Dynamism, agility and brilliance - according to Dialogue Books’ Sharmaine Lovegrove those are the qualities publishers should be looking for in new recruits. But she also believes that dynamism, agility and brilliance are not often things that can be accommodated in the rigid structure of many publishing houses.
"I think it would be helpful for the industry to not see the roles on the way to becoming a publisher as being static,” she says. “I think there are boundaries in a lot of those junior roles. If the industry were to look at agility and brilliance as being an asset as opposed to being a hindrance, if people could look beyond what they need to get the job done and instead to what can enhance their business, the industry could become more dynamic."
Lovegrove will be taking part in a panel at this year's FutureBook conference on December 1st, talking about alternative publishing approaches and how publishers and authors can reach more readers in a distracted world. She believes that independent publishing is where the innovation is really happening, and cites independents including OWN IT!, Peepal Tree Press and Jacaranda Books as publishers she is currently impressed by.
"I just judged the Clarissa Luard Award for Independent Publishers and it’s astounding to me how brilliant and dynamic independent publishers are," she enthuses. "It’s much more of a vocation than a job. If there is a way we can harness that, that is how we are going to create much better books. That’s the biggest challenge for publishing - how we are going to harness that agility and dynamism."

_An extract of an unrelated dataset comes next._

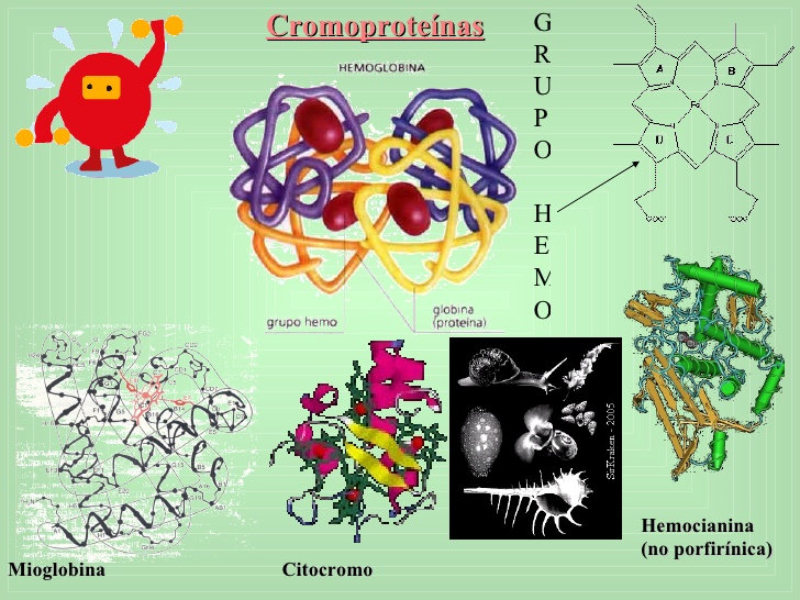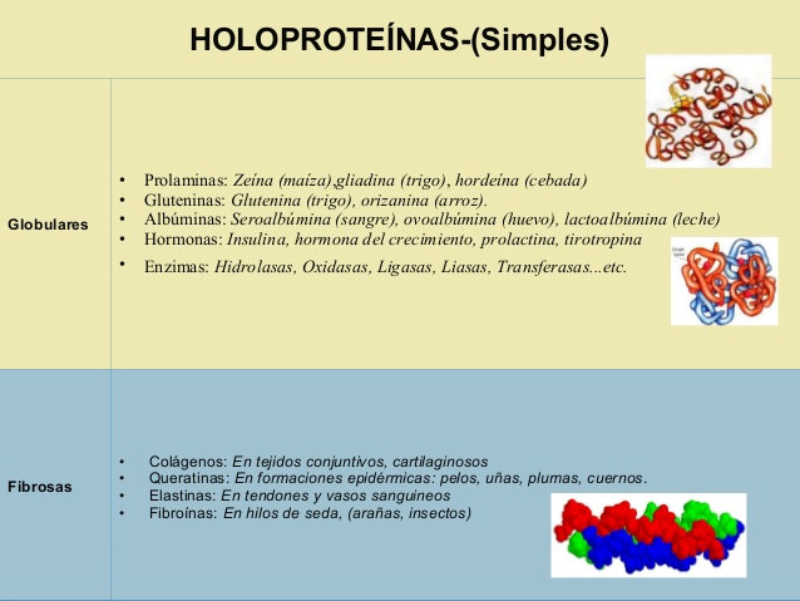 4.4.1. HOLOPROTEÍNASFormadas sólo por aa. Pueden ser:Globulares: esféricas y solubles.Albúminas: función de reserva y transporte (ovoalbúmina, lactoalbúmina y seroalbúmina).Globulinas: incluyen las α y β globulinas (hemoglobina), y las γ-globulinas de los anticuerpos.Histonas y protaminas: unidas a los ácidos nucleicos.Fibrosas o escleroproteínas: insolubles, estructurales: colágeno, queratina, elastina, fibroína.4.4.2. HETEROPROTEÍNAS O PROTEÍNAS CONJUGADASLlevan un grupo proteico y una parte no proteica (grupo prostético).Glucoproteínas: glucoconjugados. Proteínas de membrana, hormonas, …Lipoproteínas: proteínas sanguíneas que transportan triglicéridos, colesterol y otros lípidos.Cromoproteínas: el grupo prostético es una sustancia coloreada.De naturaleza porfirínica: llevan porfirina(con anillos tetrapirrólicos). Grupo hemo de hemoglobinas, con Fe.De naturaleza no porfirínica: Sin porfirina. Hemocianina (con Cu) y hemeritrina (con Fe) en sangre de invertebrados.Otras heteroproteínas: fosfoproteínas (con ácido fosfórico: caseína) y nucleoproteínas (cromatina: ADN + histonas y protaminas).

At Dialogue Books, Lovegrove is tasked with publishing fiction and non-fiction - commercial and literary - books that have inclusivity at their heart. Her first four acquisitions range from a crime novel set in Southall to a novel about a world in which female-to-female conception is possible.
She was one of The Bookseller’s Rising Stars Class of 2017, and previous roles includes owning and running a bookshop in Berlin and working at her own scouting agency, Dialogue Scouting - jobs in which she took on a variety of different responsibilities.
In a publishing house, by contrast, "I am always amazed at how little crossover there is in terms of roles. I think that has been the biggest learning curve."